はじめに
「低い山だから手ぶらに近くても大丈夫」——この思い込みが、初心者のいちばんの落とし穴です。警察庁の統計では、2025年(令和7年)の山岳遭難者は3,623人と過去最多水準で、標高599mの高尾山だけでも年間106人が遭難しています。この記事では、日帰り低山を想定した「これだけあれば安心」の持ち物リストと選び方を解説します。読み終えたら、そのまま買い物と山選びに移れます。
持ち物リストの全体像
対象は、無雪期(春〜秋)の日帰り低山をコースタイム3〜5時間で歩く初心者です。装備の考え方はシンプルで、「歩くための基本装備」+「天候悪化と万一に備える安全装備」の2階建て。ザックは日帰りなら20〜30Lが目安です(モンベル・好日山荘とも同水準を案内)。

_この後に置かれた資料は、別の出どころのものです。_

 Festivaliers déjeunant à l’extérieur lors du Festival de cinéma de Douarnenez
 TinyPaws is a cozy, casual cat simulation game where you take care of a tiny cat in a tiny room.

山選びには長野県などが公開する山のグレーディング(体力度1〜10×技術的難易度A〜E)が便利で、最初は体力度1〜2×難易度Aのルートから始めましょう。
装備リスト
必携装備
- ザック(20〜30L): 雨蓋やレインカバー付きだと安心
- 登山靴: 低山でも滑りにくいソールのもの。履き慣らしてから本番へ
- レインウェア上下: 晴れ予報でも必携。濡れは低体温症に直結するため、傘やポンチョでなく上下セパレート型を
- 地図とコンパス+登山地図アプリ: 紙とスマホの併用が基本
- ヘッドランプ: 日帰りでも必携。下山遅れは日没との勝負になる
- 水(500ml×2本以上)と行動食: 歩きながら食べられる補給食を多めに
- スマホ+予備バッテリー: 遭難時の救助要請の76.3%は現場からの携帯電話等によるもの(警察庁統計)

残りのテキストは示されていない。